Work instructions: From the first line down to the line containing "为帮助更好地对焦,三星还为 Galaxy Note", print the records below exactly, leaving every picture out.
::::::::::
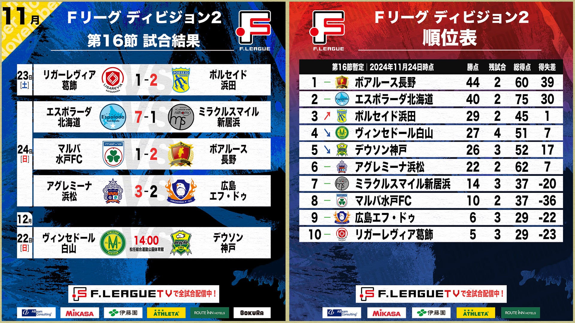 11月23日(土)〜24日(日)に実施したFリーグ2024-2025 ディビジョン2 第16節の4試合について結果をお知らせいたします。
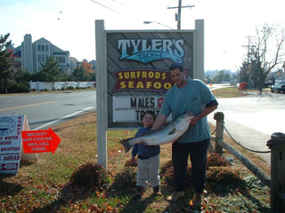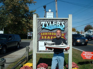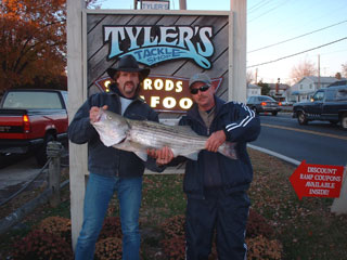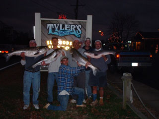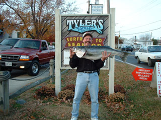 Captain Bob Frye of the Fins, with Leroy Wilkerson (32.5 lb., 43"), Dale Frye (mate), Dean Frye (25 lb., 40"), Scott Krug (20 lb., 39"), Jeff Turco (32 lb., 43") and their catch on November 30, last day of Maryland's rockfish season. Joseph and Robert Sniezek and Ryan and Lonnie Johnson with their rockfish to 34 inches. Nichole and Lance Julian (Cleveland, OH) and Andrew Julian (Chesapeake Beach) with rockfish over 40 inches, caught November 24. Ryan Wilinski (4 yrs. old) of Capitol Heights with dad Eric and a 25 lb. 44 inch striper. Brandon Smith (7 yrs. old, left) of Westminster (MD) with a 7 lb. 26 inch striper and Greg Leugers (13 yrs. old) of Harpers Ferry (WV) with a 10 lb. 28 inch striper. Stuart Martin of Manassas VA with a 30 lb. 41 inch rockfish, caught aboard the charter boat Mary Lou with Captain Russ Mogul. Brian Smith of Churchton with a 28 lb. 41 inch rockfish, caught aboard the Lady Virginia on November 17. Robert Frye (Sykesville, MD), Marion Carpenter (Marriotsville, MD), Roger Creech (Sykesville), and Dean Frye (Taylorsville, MD) on November 16. Captain Pat Gibson and Joe Acton, both from Deale, and John Betz from North Beach with their catch of stripers to 41 inches. Mike Evans (left) and Vernon Edwards with a 41 inch 23 lb. trophy rockfish, caught November 11 while fishing on the charter boat "Worm". The new owner of a beautiful model work boat.
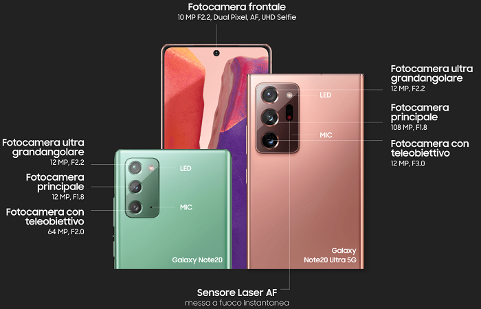 为帮助更好地对焦,三星还为 Galaxy Note 20 Ultra 引入了激光 AF 传感器。至于 Galaxy Note 20 机型,其采用了 12MP @ f/1.8 光圈的主摄、12MP @ f/2.2 的副摄、以及 64MP @ f/2.0 的长焦镜头。
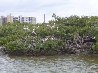 Barb and I relaxed from our very quick trip to N.S.B. (glad we brought our jackets for on the water comfort, you can always take it off, if you don’t have it, you can’t) and listened to a delightfully energetic and knowledgeable guide, and a very able Captain take us, and several couples and children too, on a critter watch tour around the average 4-foot deep, Mosquito Lagoon. The Mosquito Lagoon runs some, 160-miles along the east coast of Florida. We viewed feeding dolphins, and even one that was asleep on half of it’s brain, while being aware and up on its other side of the brain (remarkable split brain that’s 4-times larger than a humans) we saw all manner of wading and diving birds, a few loons, tons of brown pelicans and assorted other birds that rely on the fish and other prey critters of the Lagoon! See www.marinediscoverycenter.org (386)-428-4828
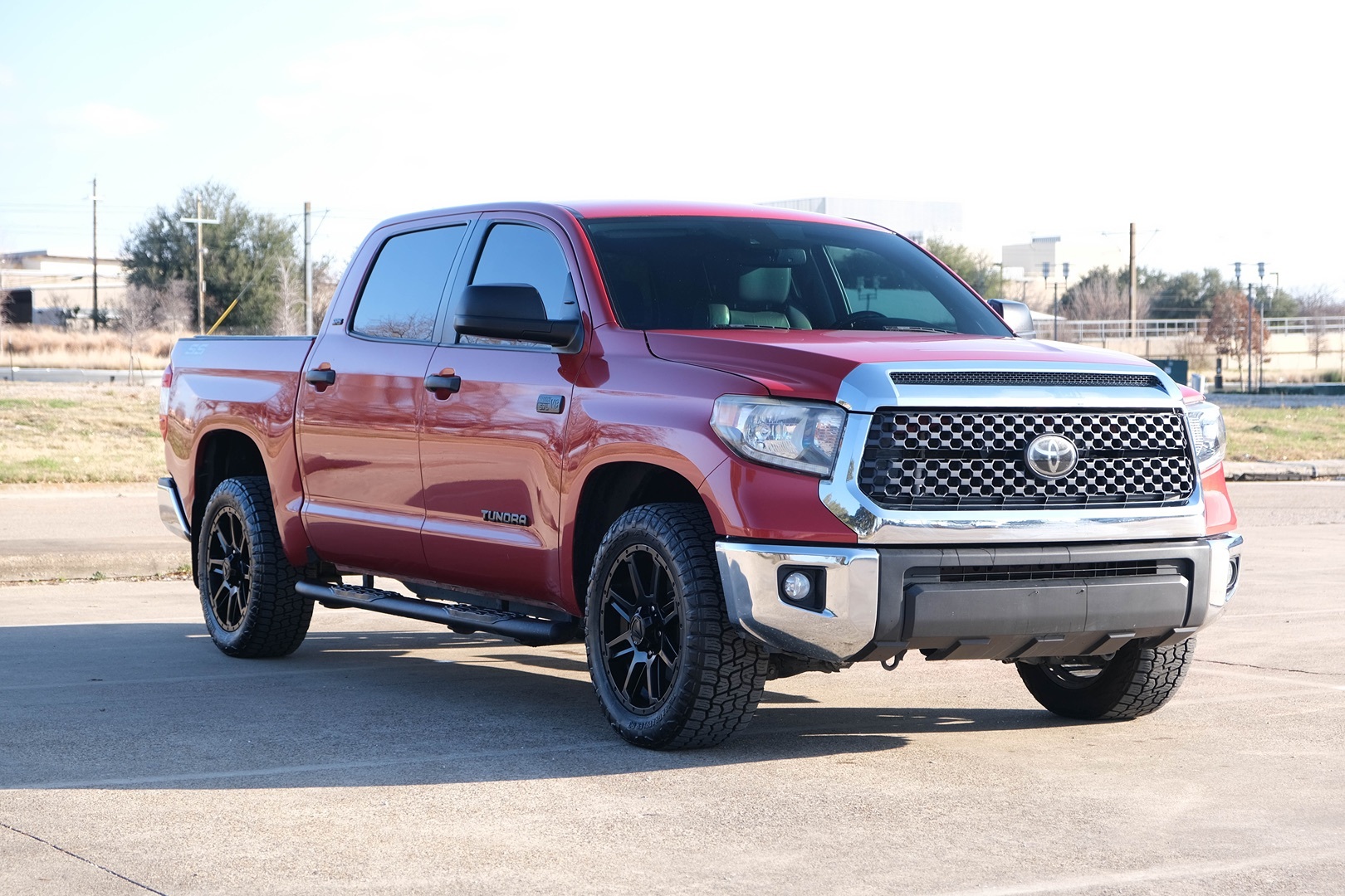 The 2020 Toyota Tundra 2WD SR5 CrewMax, dressed in a striking Barcelona Red Metallic exterior, embodies a bold and commanding presence on the road. Its robust 5.7L V8 engine promises powerful performance, making it a reliable companion for both work and leisure. With a 5.5' bed, the Tundra offers ample space for hauling, whether you're transporting tools or loading up for a weekend adventure. Inside, the truck features a refined Graphite interior that complements its rugged exterior. The SR5 Leather Package enhances luxury and comfort, providing a more sophisticated feel for drivers and passengers alike. The CrewMax cab design ensures generous legroom, making long journeys more pleasurable for all occupants. Additionally, the Tundra is equipped with 50 state emissions compliance, ensuring it meets environmental standards across the United States. This versatile truck combines practical functionality with stylish details, appealing to those who need a dependable vehicle that doesn't compromise on style. Whether towing heavy loads or cruising city streets, the 2020 Toyota Tundra stands ready to deliver a reliable and comfortable drive.
::::::::::
Result of the exercise:
 11月23日(土)〜24日(日)に実施したFリーグ2024-2025 ディビジョン2 第16節の4試合について結果をお知らせいたします。
 Captain Bob Frye of the Fins, with Leroy Wilkerson (32.5 lb., 43"), Dale Frye (mate), Dean Frye (25 lb., 40"), Scott Krug (20 lb., 39"), Jeff Turco (32 lb., 43") and their catch on November 30, last day of Maryland's rockfish season. Joseph and Robert Sniezek and Ryan and Lonnie Johnson with their rockfish to 34 inches. Nichole and Lance Julian (Cleveland, OH) and Andrew Julian (Chesapeake Beach) with rockfish over 40 inches, caught November 24. Ryan Wilinski (4 yrs. old) of Capitol Heights with dad Eric and a 25 lb. 44 inch striper. Brandon Smith (7 yrs. old, left) of Westminster (MD) with a 7 lb. 26 inch striper and Greg Leugers (13 yrs. old) of Harpers Ferry (WV) with a 10 lb. 28 inch striper. Stuart Martin of Manassas VA with a 30 lb. 41 inch rockfish, caught aboard the charter boat Mary Lou with Captain Russ Mogul. Brian Smith of Churchton with a 28 lb. 41 inch rockfish, caught aboard the Lady Virginia on November 17. Robert Frye (Sykesville, MD), Marion Carpenter (Marriotsville, MD), Roger Creech (Sykesville), and Dean Frye (Taylorsville, MD) on November 16. Captain Pat Gibson and Joe Acton, both from Deale, and John Betz from North Beach with their catch of stripers to 41 inches. Mike Evans (left) and Vernon Edwards with a 41 inch 23 lb. trophy rockfish, caught November 11 while fishing on the charter boat "Worm". The new owner of a beautiful model work boat.
 为帮助更好地对焦,三星还为 Galaxy Note 20 Ultra 引入了激光 AF 传感器。至于 Galaxy Note 20 机型,其采用了 12MP @ f/1.8 光圈的主摄、12MP @ f/2.2 的副摄、以及 64MP @ f/2.0 的长焦镜头。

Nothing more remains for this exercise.